To reach the opposite conclusion, the court ignores both the nature of appellants’ charge and binding precedent. First, the court describes the charge as if it concerns only religious discrimination in traditional monetary terms, such as retirement benefits not denied to appellants or “discrimination suffered by others.” See Op. at 758-59, 759, 760-61, 764. Yet appellants do not so delimit their charge; *769rather, they allege that the Navy’s 4109 program violates the Establishment Clause by creating a government religious preference, see Chaplaincy, 454 F.3d at 302.7 Appellants’ standing thus does not hinge upon the mistreatment of any individual chaplain but upon the Navy’s alleged endorsement of a preference for another religious faith that directly affects them. The court’s narrow focus ignores the Constitution’s requirement that, in assessing constitutional injury, “we keep in mind ‘the myriad, subtle ways in which Establishment Clause values can be eroded,’ ” and that in addition to the mistreatment of an individual, “we [must] guard against other different, yet equally important, constitutional injuries,” such as the unconstitutional implementation of a government policy. Santa Fe Indep. Sch. Dist. v. Doe, 530 U.S. 290, 314, 120 S.Ct. 2266, 147 L.Ed.2d 295 (2000) (quoting Lynch, 465 U.S. at 694, 104 S.Ct. 1355 (O’Connor, J., concurring)).

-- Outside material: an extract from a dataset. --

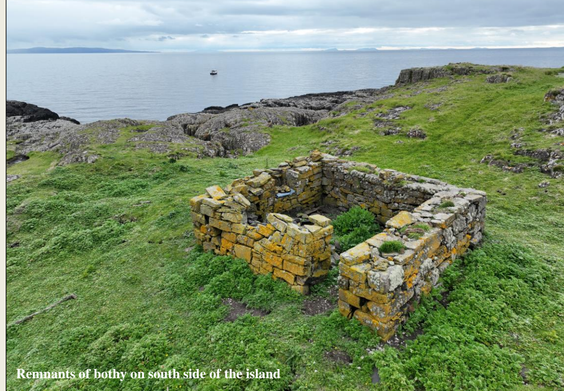
Remnants of bothy on south side of the island

Second, the court states that “mere personal offense” or emotional injury is never enough for Article III injury, Op. at 763, but that is not the law.8 As the Supreme Court acknowledged in Association of Data Processing Service Organizations, Inc. v. Camp, 397 U.S. 150, 90 S.Ct. 827, 25 L.Ed.2d 184 (1970), “[a] person ... may have a spiritual stake in First Amendment values sufficient to give standing to raise issues concerning the Establishment Clause” if directly affected by the challenged governmental practice, id. at 154, 90 S.Ct. 827 (citing Schempp, 374 U.S. 203, 83 S.Ct. 1560, 10 L.Ed.2d 844); see Valley Forge, 454 U.S. at 486-87 & n. 22, 102 S.Ct. 752. Later, in Allen, 468 U.S. at 755, 104 S.Ct. 3315, while holding that a plaintiff alleging an equal protection violation generally must claim a personal denial of equal treatment, the Supreme Court observed that “[t]here can be no doubt that ... noneconomic injury [such as stigmatizing injury] is one of the most serious consequences of discriminatory government action and is sufficient in some circumstances to support standing.”9 In fact, the Supreme Court has reached the merits in numerous Establishment Clause cases where “mere personal offense,” Op. at 761-62, resulting from a plaintiffs connection to a challenged practice appears to have provided the main possible injury to ground standing.10 As the Fourth Circuit has observed:
*770[T]he Establishment Clause plaintiff is not likely to suffer physical injury or pecuniary loss. Rather the spiritual, value-laden beliefs of the plaintiffs are often most directly affected by an alleged establishment of religion. Accordingly, rules of standing recognize that noneconomic or intangible injury may suffice to make an Establishment Clause claim justiciable.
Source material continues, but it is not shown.